Dalam dakwah, prinsip syariat menjadi batas yang tidak boleh dilanggar. Namun cara menyampaikannya dapat terus diperbaiki. Kita dapat menguji media sosial, forum keluarga, diskusi komunitas, seni, video pendek, atau pendekatan lainnya. Pertanyaannya bukan apakah pesan agama diubah, tetapi bagaimana pesan itu dapat dipahami dan diterima dengan baik.

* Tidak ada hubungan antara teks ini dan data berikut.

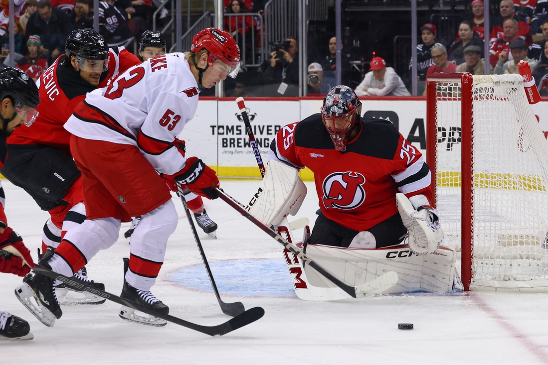 The teams traded turnovers before Bratt scored just under six minutes later. Hughes’ pass deep in the Carolina zone was picked off by Roslovic, but Roslovic’s backhanded dish was intercepted by Ondrej Palat. The left winger passed to Hughes, who was stationed to the left of Martin, before Hughes fed Bratt for a point-blank power-play goal with 5:15 left.

Kearifan lokal juga penting. Mary B. Anderson dalam Do No Harm menceritakan pengalaman di Burundi. Seorang anggota tim mengatakan:

“It was an excellent idea to use our traditional proverbs. They summarize in one or two lines what would otherwise have to be said on two pages of text… When we Burundians have a conversation, we often start or finish with a proverb, so this is a structure every Burundian citizen can relate to.”

Dalam konteks kita, pesan dakwah dapat dikaitkan dengan budaya tutur masyarakat, bahasa daerah, pepatah, atau tradisi positif yang sudah hidup.

Menguji Dai dan Cara Membangun Kepercayaan

Dakwah bukan hanya soal apa yang disampaikan. Siapa yang menyampaikan juga menentukan penerimaan.

Anderson menunjukkan bahwa dalam konteks Burundi, pesan tertentu justru lebih dipercaya ketika disampaikan oleh pihak luar yang dianggap tidak memiliki kepentingan kelompok:

“the Declaration’s message is better heard and better believed when it is delivered by outsiders. Burundians would be seen as belonging to one group or the other and, hence, as having a group-vested interest. The impartiality and lack of group identity… allow people to hear the message for what it is.”

Tetapi tidak semua masyarakat membutuhkan dai dari luar. Pada komunitas yang memiliki ikatan sosial kuat, tokoh lokal sering lebih dipercaya. Rogers menunjukkan bagaimana pemuka opini lokal digunakan dalam eksperimen di Taos County.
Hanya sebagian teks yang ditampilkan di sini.